I want a 40k co-op game that is essentially DoW 2's campaign.....except that it's fun.
Seriously, the maps were so boring and the engagements were too. Send your FC in on a charge, have Avitus set up with a Heavy Bolter or Plasma Cannon. The tact, assault and scout squad are basically secondary units to that equation.
Space Marine got pretty close to it in a 3rd person perspective. Better level design and meta-game ideas would have made that title a real winner in my book. It shows off the 40k IP very well, but it gets a little mindless once you sort out how the combat mechanics really work.
So for me it's not that they need to make an entirely new game. It's just that no one, not even DoW 1 really, has completely nailed the mechanics with which you act out your 40k fantasy. There's always this....layer of gameiness getting in the way, is the closest thing I can articulate. The whole planetary assault setup of the DoW 2 campaigns really demonstrates what I'm talking about, as do many of the side missions. When those things are included and they're not done to the hilt, they become a liability. Especially in a game like 40k that cries to crap epic everywhere it goes. Suppressing the invasion fleet on Meridian isn't epic, it's a goddamn chore.
With DoW 1, it was always clear you're playing in a very generic RTS setup, although I don't really hold that against the game (as it pioneered a better version of territory-based gameplay and that was huge.)
In DoW 2, the campaign missions feel like a chore rather than a mission, you've got to do all these things to get the highest score or you don't get as much XP, and it leads to kind of a mindless experience of 40k whackamole. And even "playing your way" can be unexciting: running across an empty map several times, picking off guys one at a time because the AI isn't all that smart or the godawful boss fights that really were intended for co-op.
In 40K: Space Marine you're just on rails the whole time, and the quality of said rails can vary a lot. The combat mechanics, while promoting a lot of smashing and bashing, aren't very deep or well-balanced. The execution self-heal thing is actually a liability later on in game. Surprisingly, I found MP 40K: Space Marine a way better product than the main game. And I'm far more likely to pay attention to SP campaigns before MP. But the MP in that actually started to make me feel like "40k! Fuck yeah!"
If you're going to make the game about 4 space marines slaughtering EVERYTHING in their path, don't make a level with a finite amount of enemies scattered around in groups of 6 that you have to hunt down. If you're going to do a FPS in the darkest of millenniums, take advantage of that and script some real action and a real sense of the world! Instead of the rail road tracks 40K Space Marine found itself on, with the excuse the planet was fucked as a reason to keep where you are and what's going on fairly staid and repetitive.
That probably sounds a lot like gamer whine, but it is what it is. I think what's always lacking in almost all of the game is some level of detail to things: your characters, the scenario or your options (Atmosphere they all generally nail.) DoW 2 campaign and 40k: Space Marine MP have lots of great meta-gameplay details (character driven advancement), and it's stuff like that which needs to be happening more often.
I'd give most 40k games by Relic an 80% or slightly better.
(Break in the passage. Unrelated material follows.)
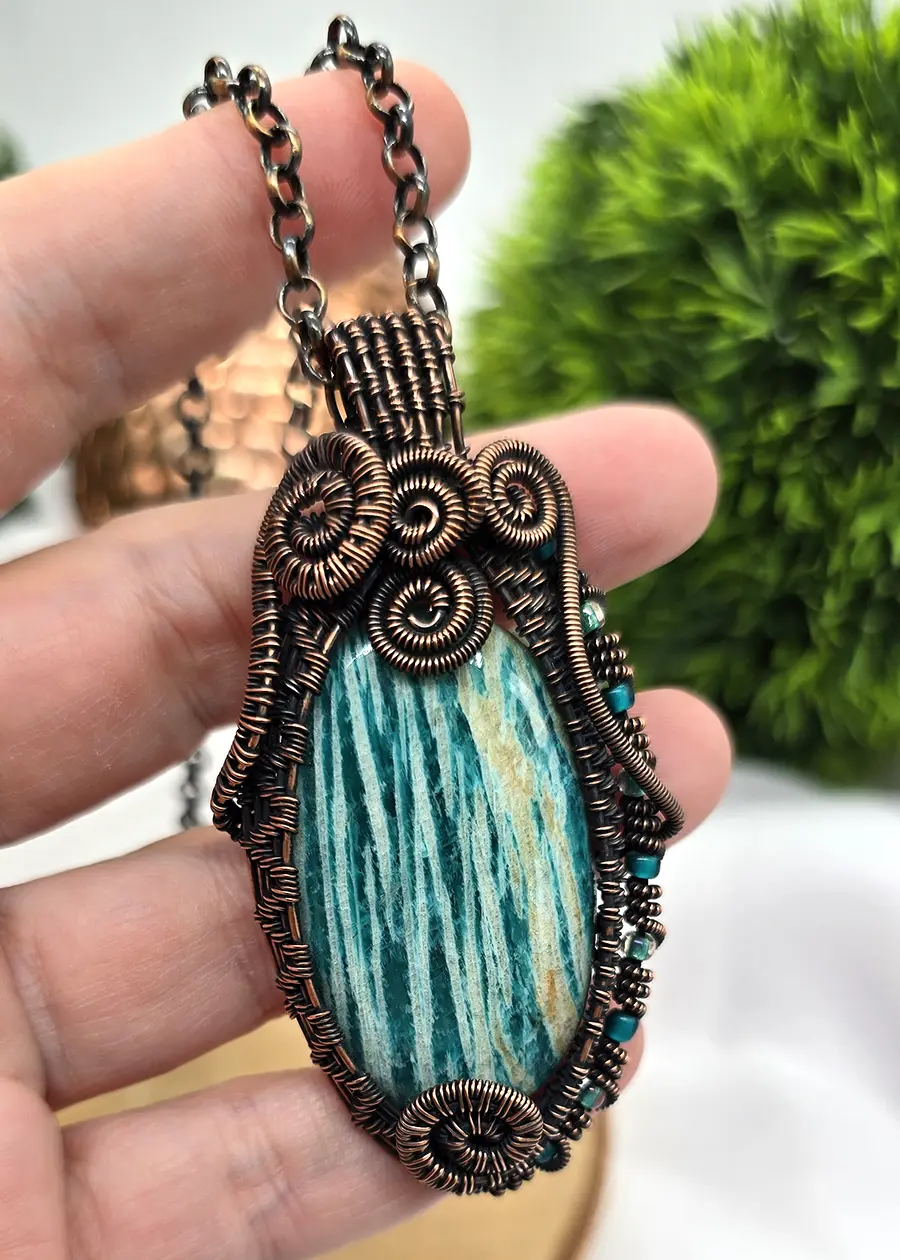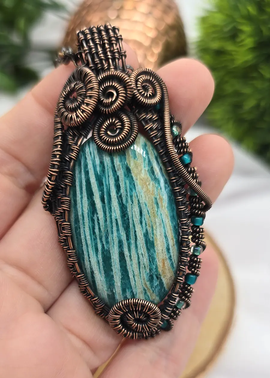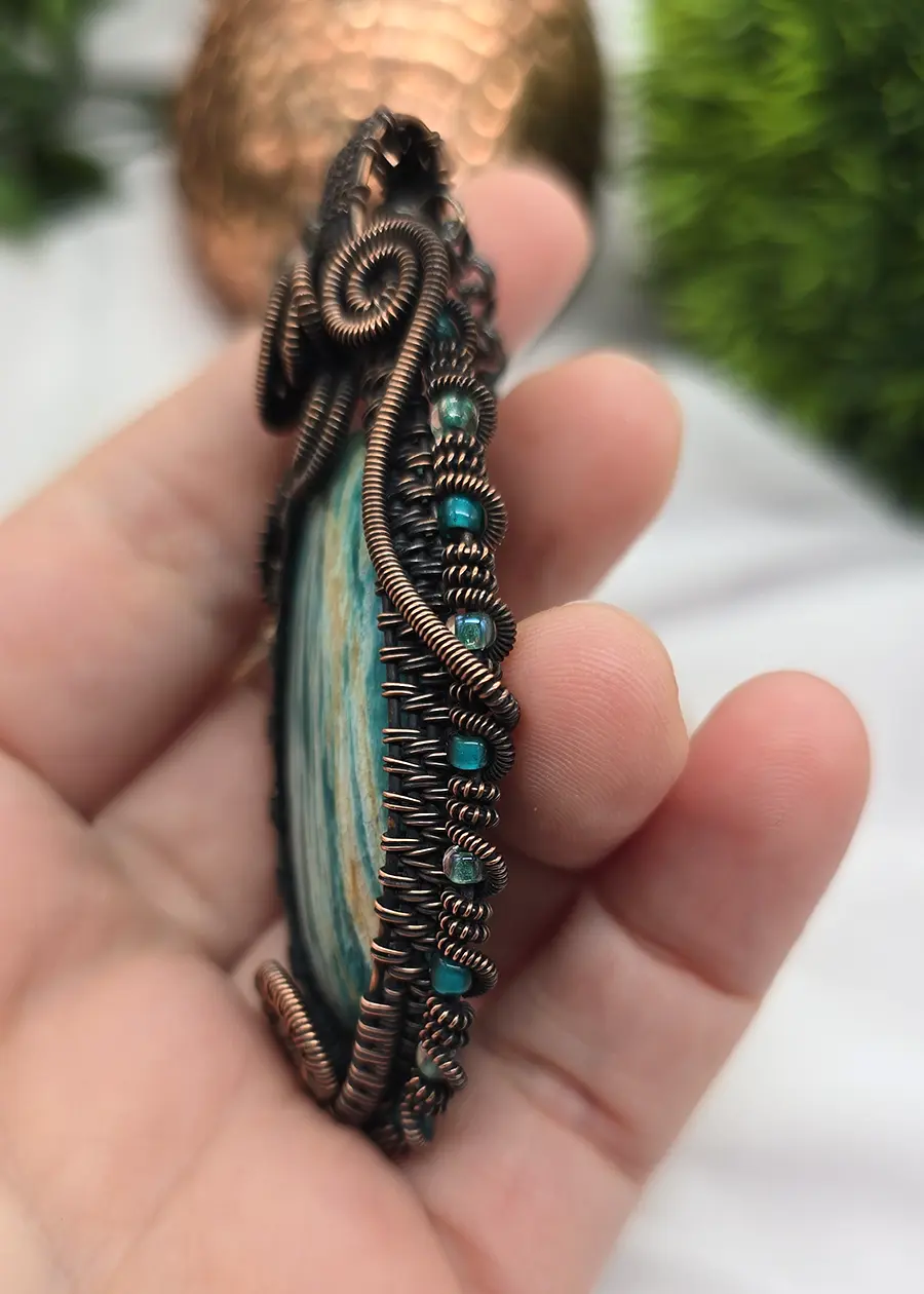 Kamień został oprawiony w ręcznie kształtowaną miedź, tworząc dekoracyjną formę pełną miękkich linii i spiralnych detali. Drobne koraliki szklane TOHO dopełniają projekt, podkreślając barwy amazonitu i dodając mu głębi oraz lekkości.

So I'm not complaining a ton (other than the initial shock at what DoW 2 turned into.) As games though there's still something missing from the experience that they, and I guess I, haven't quite figured out. DoW 1 felt like it had a maturity in the design and vision for the game and what it really lacked was time to add more things or the tech to make it amazing. (And then they backed away from the most interesting tech created in CoH for something much less interesting in DoW 2.) All the games from DoW1 have felt like whoever has the grand design ideas isn't quite as...mature? I guess, and enjoys putting things in little boxes and then shutting the lid on the idea and calling it good.